Restorer's Perspective: All Disinfectants are Not Created Equal
In recent years, several new disinfectant technologies have gained attention in the restoration/remediation industry, so it might be time to reevaluate your current go-to disinfectant to be sure you are using the best, most appropriate tool for the job. Here are some quick, practical tips for choosing the ideal disinfectant product for your next restoration/remediation project.
If you’ve completed a basic water damage class or two, you’ve likely been advised that “disinfectant” can be a loaded term in our industry. That’s because promising “disinfection” of a water damage site can lead to liability issues down the road, this is why restorers are advised to use language like “applying an antimicrobial” and “sanitizing” rather than make a promise of disinfection.
That’s good advice, but it doesn’t mean that lower-grade sanitizers and antimicrobials should actually be used to treat water-damaged surfaces. Sometimes that idea gets missed in class. In fact, restorers need to be using the strongest, most effective disinfectant product available. And there are other critieria to consider as well.
To ensure you’ve got the right disinfectant in your arsenal, here’s what you should be looking for in a modern professional disinfectant.
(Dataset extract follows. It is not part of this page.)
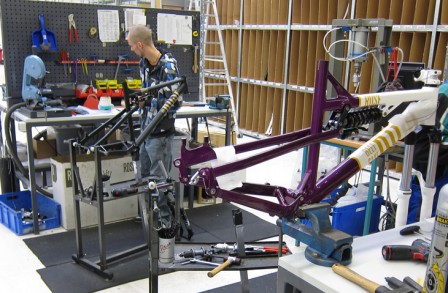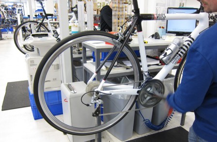 Samtidigt plockas övriga komponenter ihop till cykeln. Cykelavdelningen har ett speciellt lager enbart avsett för cykelmontering. Hjulen byggs ihop, riktas och däcken monteras.

1. It needs to be effective (i.e.: have strong kill claims) and be appropriate for the types of surfaces and situations you face. To determine if a disinfectant product is in the strongest category, look for one EPA registered as a “Tuberculocide” (indicates Tuberculocidal on the front main label). “Tuberculocide” is a special EPA kill claim rating that is higher than a standard disinfectant rating. In other words: Tuberculocides are stronger than disinfectant products without that special claim and should be the weapon of choice in your disinfecting and sanitizing arsenal since they produce the best results across a range of surfaces and circumstances.
2. Not all Tuberculocidals achieve their efficacy the same way; they have a variety of ingredients, with a range of health and safety (and liability) implications. Choose a safe disinfectant by comparing the Hazards Identification section on the Safety Data Sheets of Tuberculocide-rated products.
3. Some disinfectants have strong or unpleasant scents. Choose one with a light scent or, better yet, one with odor-dissipation technology. Only when your disinfectant has no strong scent of its own can you effectively use (and bill for) odor-counteractants or cover scents.
4. Surfactants can improve the performance of disinfectants and allow them to do double-duty as cleaners. Few disinfectants have quality surfactant packages in their formulas. Getting your disinfectant to do more work means less work for you.
5. Don’t throw away money unnecessarily; the highest cost product isn’t always the best performer. In fact, some of the newer, more effective disinfectants come with lower price tags than traditional ones, so be sure to compare.
Carefully considering these five disinfectant features will help you make a smart and defensible choice. It’s always important to reevaluate the products you are using. With the newer technologies now available, it’s likely you will be able to upgrade your effectiveness, lower your liability, and decrease costs by switching to a more complete disinfectant technology!